Amelia apenas llevaba nada. Como convicta no tenía los mismos privilegios. Un poco de comida que duraría apenas dos semanas, mantas y dos mudas. Cuando las provisiones terminasen debería conformarse con el rancho que les otorgaba el estado.

Tomó a Matilde en brazos y miraron el puerto. Un halo de tristeza se aposentó en sus ojos nítidos al recordar su vida en la ciudad. En el Arenal creció correteando por sus callejuelas. El barrio era su mundo. Un lugar donde la vida nunca descansaba. Marinos, taberneros, negociantes, mendigos o delincuentes, recorrían sus calles tanto de día como de noche. Pero lo que más alimentaba a sus habitantes era el puerto. La visión de los navíos, de los viajeros llegados de extrañas tierras que contaban sus aventuras frente a un buen vaso de vino, llenó sus retinas haciéndola soñar con viajes llenos de emoción.
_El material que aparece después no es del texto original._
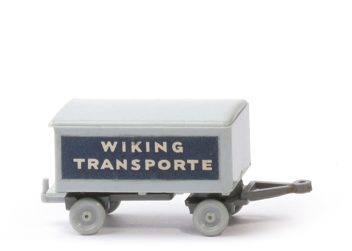 Koffer Typ | flacher Koffer Typ 1a | Türaufnahmen unten | geschlossen | Dach | Teil des Aufbaus | Boden | mit integriertem Zughaken | Rückleuchten | ohne | Farbe Aufbau | silbergrau | Farbe Kofferboden | silbergrau | Farbe Türen | silbergau | Türgriff | als Knopf | Chassis Farbe | basaltgrau | Achshalterungen | geschlossen | Drehschemel | vernietet | Deichsel | starr, Teil des Drehschemels | Beschriftung | Wiking Transporte (s. Foto) | Beschriftung Art | Papieraufkleber | Beschriftung Farbe | stahlblau/weiß | Bemalung Nummernschild | silbern | Räder | sog. Porzellanräder |
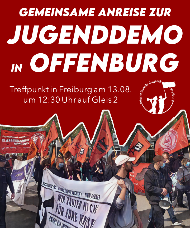 Wir werden am Samstag, den 13.08., zur Jugenddemo nach Offenburg anreisen. Wenn ihr euch anschließen möchtet kommt einfach um 12:30 Uhr auf Gleis 2 oder schreibt uns vorher gerne
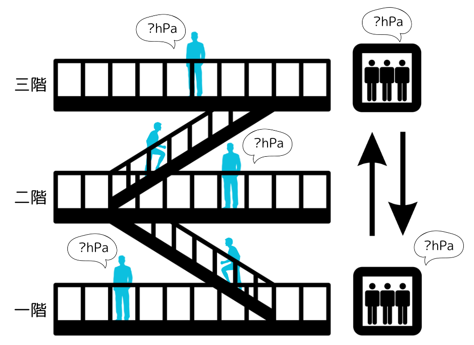 - 次にAkaDako探究ツール頭の高さまで持ち上げ、頭の高さの気圧を測定する。
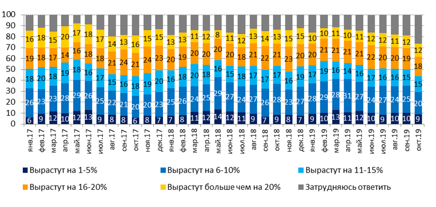 К тому же в октябре годовая инфляция и в самом деле выросла до 5,5% с 5,3% в сентябре. Доля тех, кто ожидает роста потребительских цен на 1-5% в ближайшие 12 месяцев, опустилась с 10% до 9%, как и тех, кто ожидает их увеличения на 6-10%, — таковых оказалось 20% против 25% месяцем ранее. Доля опрошенных, ожидающих инфляцию в диапазоне 11-15%, не изменилась, — их по-прежнему 15%, как и тех, кто верит в наихудший сценарий с ростом цен более чем на 20% — 12%. Правда, немного снизилась доля ставящих на подъем цен в диапазоне 16-20%, — с 19% до 18%. Таким образом, 65% респондентов ожидают инфляцию в ближайшие 12 месяцев не ниже 6%.
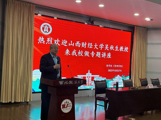 10月27日下午,我院特邀山西财经大学吴秋生教授做主题为“应用研究论文选题与撰写”的讲座,我校张荣刚副校长、学院李晓宁院长出席会议,李丹丹副教授、吴汉利博士作为与谈人发言,学院相关专业老师及研究生参与讲座学习。讲座由副院长杨柳青主持。
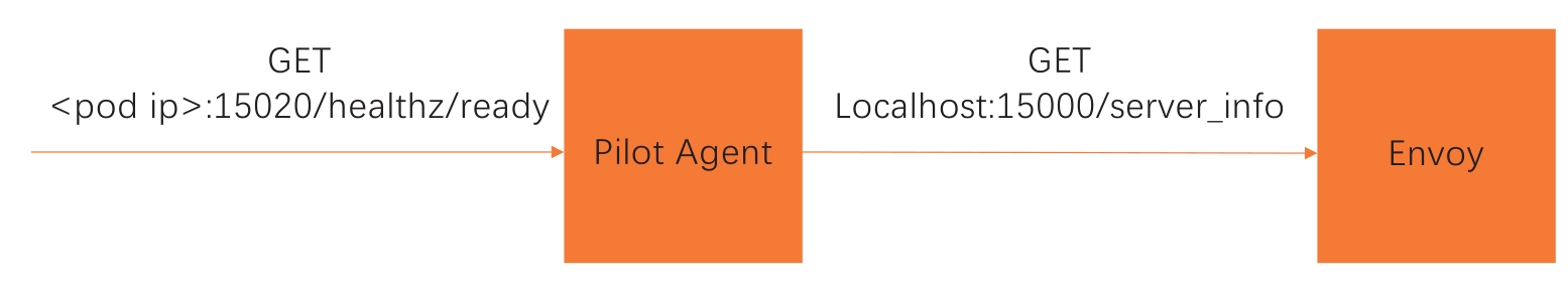 实际上pilot-agent就绪检查接口的实现正是如此,如图17-5所示。这个接口在收到请求之后,会去调用代理Envoy的server_info接口。调用所使用的IP地址是localhost。这非常好理解,因为这是同一个Pod内部进程通信。使用的端口是Envoy的proxyAdminPort,即15000。
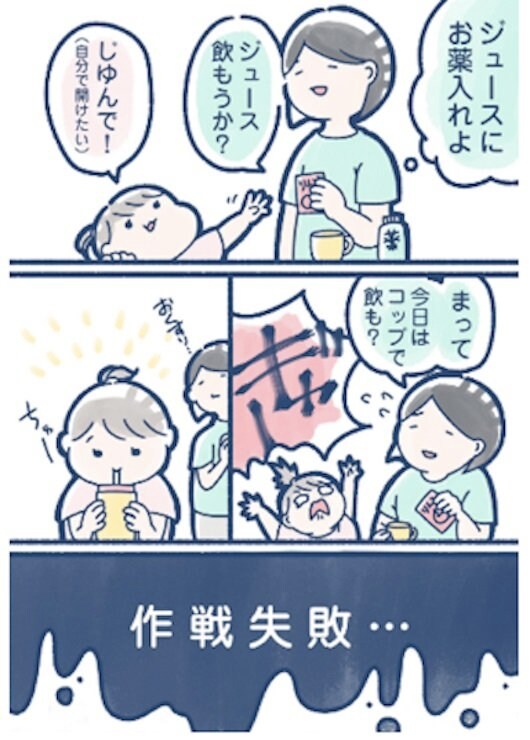 娘さんに薬を飲んでもらおうと奮闘しますが、娘さんはすべての手段をくつがえすパワーを発揮。体調がよくないはずの2歳児、どうしてこんなにパワフル……?
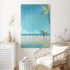 Dieses Bild vermittelt eine tiefe Sehnsucht nach fernen Orten und Abenteuern. Es lädt dazu ein, sich in Gedanken zu verlieren und sich vorzustellen, wie die warmen Wellen des Meeres sanft an den Füssen plätschern, während man die friedliche Atmosphäre in vollen Zügen geniesst. Die farbenfrohe, minimalistische Ästhetik macht dieses Bild zu einem echten Hingucker, der jedem Raum ein Gefühl von Freiheit und Gelassenheit verleiht.
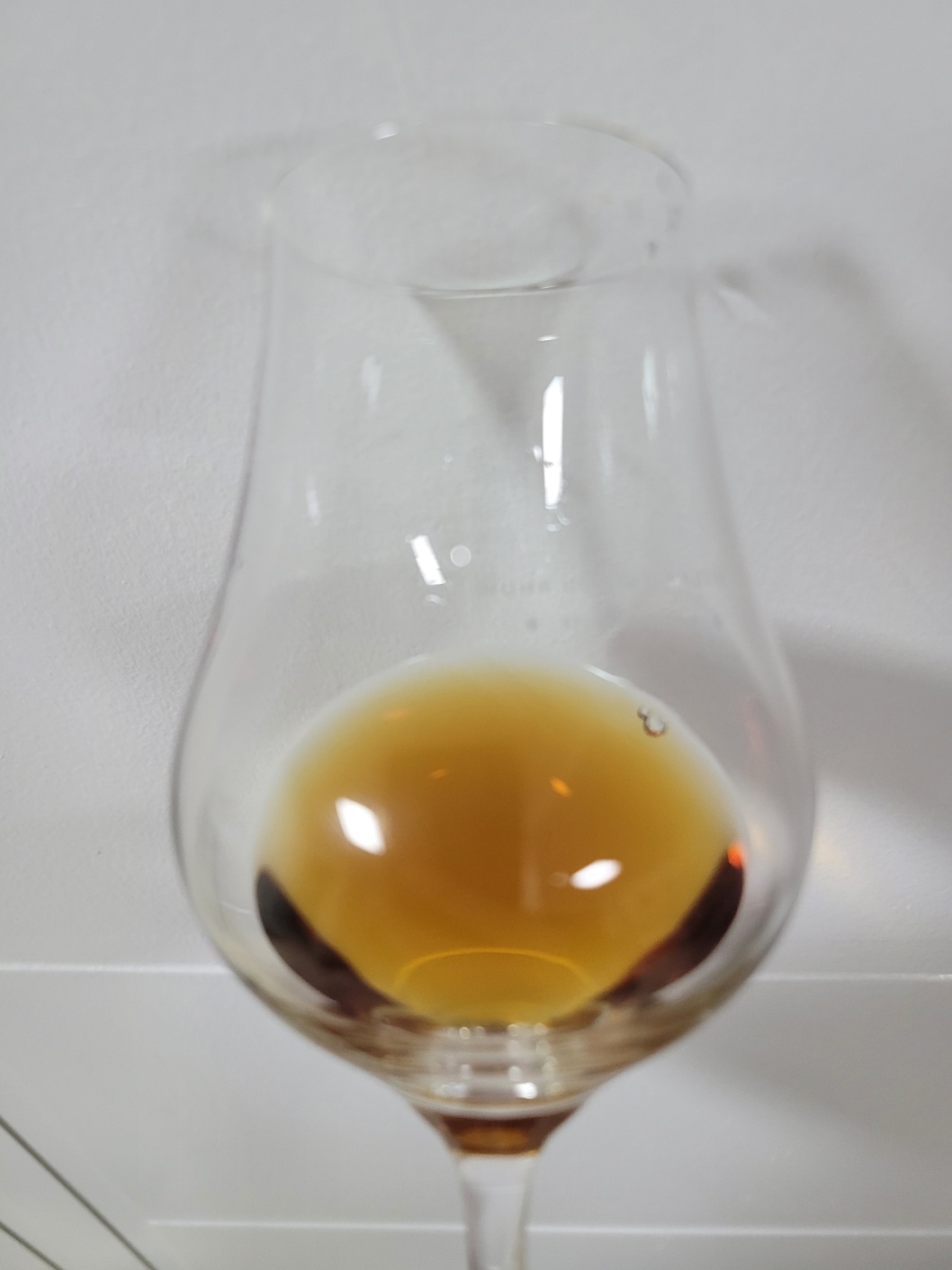 목 넘김 및 여운: 도수 대비 자극적인 느낌이 덜 한 목 넘김이다. 가죽, 가벼운 흙내음, 담뱃잎, 마른 신문지, 건표고 가루, 코코아파우더 따위가 비강에 흩날리는 듯하다. 이후 건푸룬과 다크초콜릿의 뉘앙스가 이어지다가 툭 끊긴다. 혀에는 쌉싸름함 카카오닙스, 바싹 마른 건포도의 응축된 단맛과 김빠진 콜라를 넘긴 뒤의 잔당감, 고소한 견과류 뉘앙스가 남는다. 여운이 길다거나 풍부한 느낌은 아니지만, 잡맛 없이 깔끔하다.
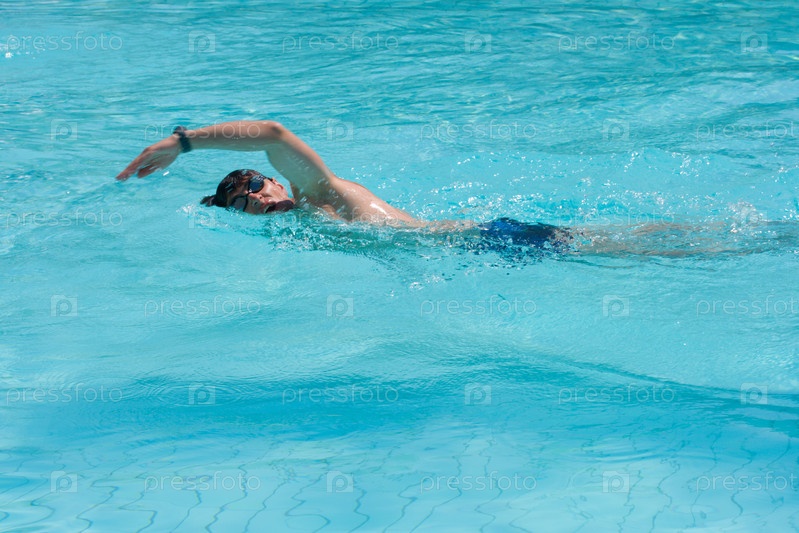 Молодой человек плывет кролем
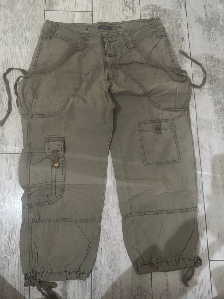 Bej keten pantolon, kemerli ve bol kesimdir. Çoklu cepler ve paçalarında bağcıklı detaylar bulunur. Sokak stili ve dış mekan kullanımı için uygundur.
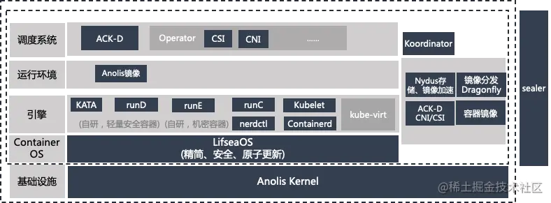 容器层:龙蜥 ACNS 提供了经过大规模生产验证的 ACK-D 集群,同时也提供了 Kata、Dragonfly、Nydus。
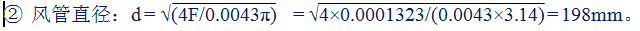 ① 風管截面積:F = Q/(3600υ) = 16.67/(3600×35) = 0.0001323m2。
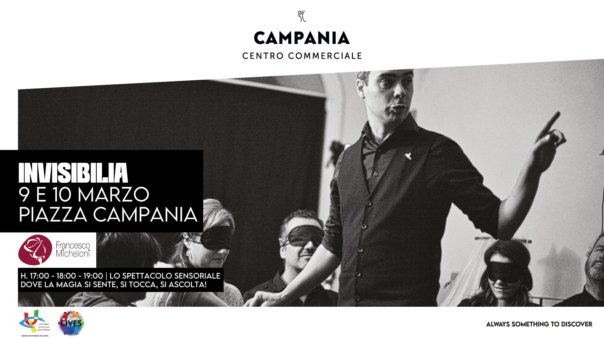 Il 9 e 10 marzo Centro Commerciale Campania ospita Invisibilia, il primo spettacolo di magia in Italia pensato per persone non vedenti e ipovedenti, capace di coinvolgere allo stesso modo anche il pubblico vedente. Invisibilia è uno spettacolo inclusivo “al contrario”: le persone vedenti possono assistere all’esperienza solo bendandosi, rinunciando volontariamente alla vista per entrare in una dimensione percettiva nuova, profonda e sorprendente. Un invito a rallentare, ascoltare e immaginare, ribaltando la prospettiva in un mondo dominato dalle immagini.
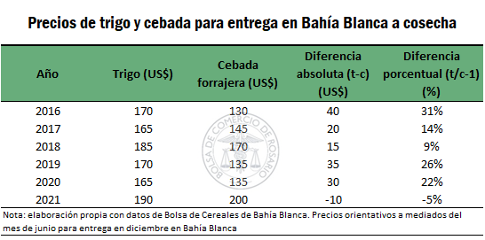 El mercado local está mostrando un claro incentivo a incrementar el área sembrada con cebada, pagando primas por encima del precio del trigo en los principales mercados concentradores, lo que no suele ser la norma. Tomando las cotizaciones estimativas de la Bolsa de Cereales de Bahía Blanca del día 15 de junio, el precio de la Cebada forrajera para entrega en ese destino en el mes de diciembre se negociaba a US$ 200/t, US$ 10/t por encima del trigo cámara. Si nos remontamos a la misma fecha de 2020, el precio de la cebada a cosecha se negociaba con un descuento de US$ 30/t por debajo del precio del trigo, en US$ 135/t.
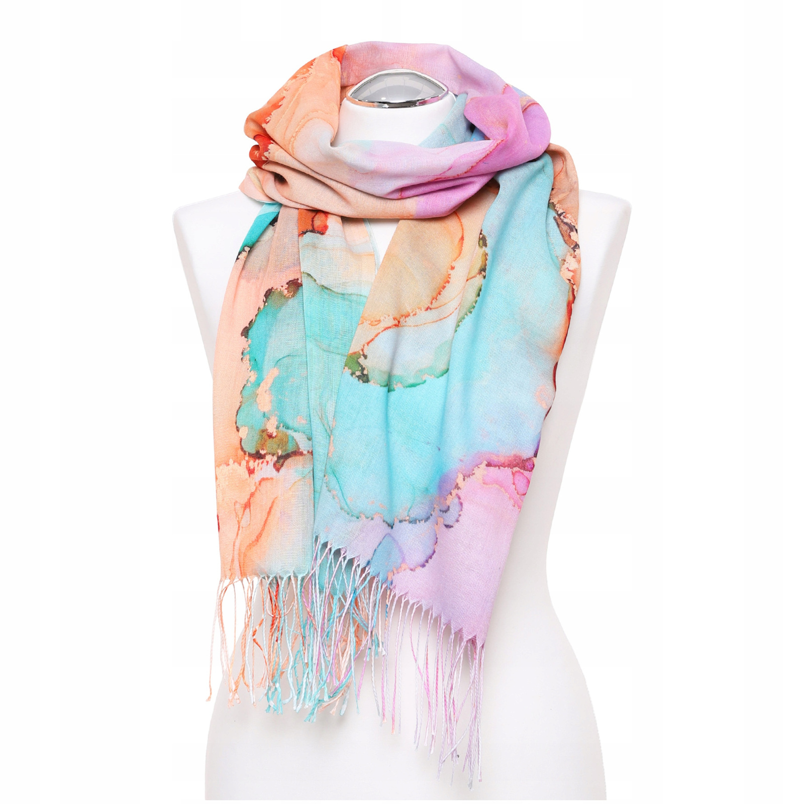 Szal Damski Duży z Frędzlami Gładki Kolorowy Modny Wiosenny Szalik MORAJ
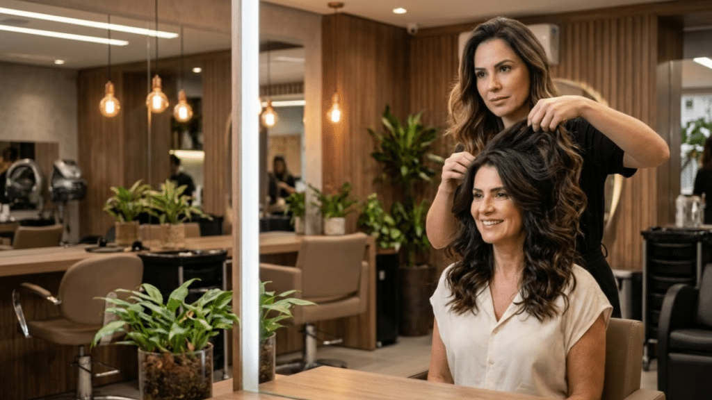 Um bom corte em camadas é fundamental para evitar o “efeito pirâmide”, onde o volume se concentra apenas nas pontas. Camadas distribuídas estrategicamente trazem leveza ao topo da cabeça e ajudam as ondas e cachos após os 45 anos a se formarem com mais facilidade.

Y ahora, paradójicamente, se enfrentaba a uno de ellos. Pero la emoción no existía; tan solo el miedo a tener que enfrentarse a un futuro desconocido, y sin la ayuda de nadie. Siempre se consideró fuerte. Sin embargo, esta situación inesperada y tan dolorosa llevó a su determinación a una fase aletargada y no sabía cuando terminaría el crudo invierno.

—¡Ya nos vamos! –gritó Matilde.

Sí. Las velas ya habían sido desplegadas y el ancla alzada. Un ligero vaivén anunció que ya no podían dar vuelta atrás. El cinco de enero del año mil quinientos diez sería el señalado como la última vez que sus ojos mirarían a Sevilla. Los cerró e imploró clemencia al Señor. No por ella. Tras el trágico fin de su esposo negó a Dios. Rezaba por su pequeña Matilde. Era un ser inocente y merecía una vida digna. Y si Él no se la concedía, ella procuraría hacer lo necesario para no verla sufrir.

—¡Mamá! Sevilla encoge –se asombró la niña.

—Eso es para que pueda cabernos su imagen en la cabeza y podamos recordarla siempre –musitó su madre; sin poder evitar que los veintitrés años vividos pasaran en apenas unos segundos, del mismo modo que solían contar los que estuvieron al borde de la muerte.

Y así se sentía. Muerta en vida. Con el corazón destrozado y sin el menor apetito por vivir. Solamente Matilde era el acicate que la impulsaba a seguir hacia adelante; aunque ese destino fuese terrible.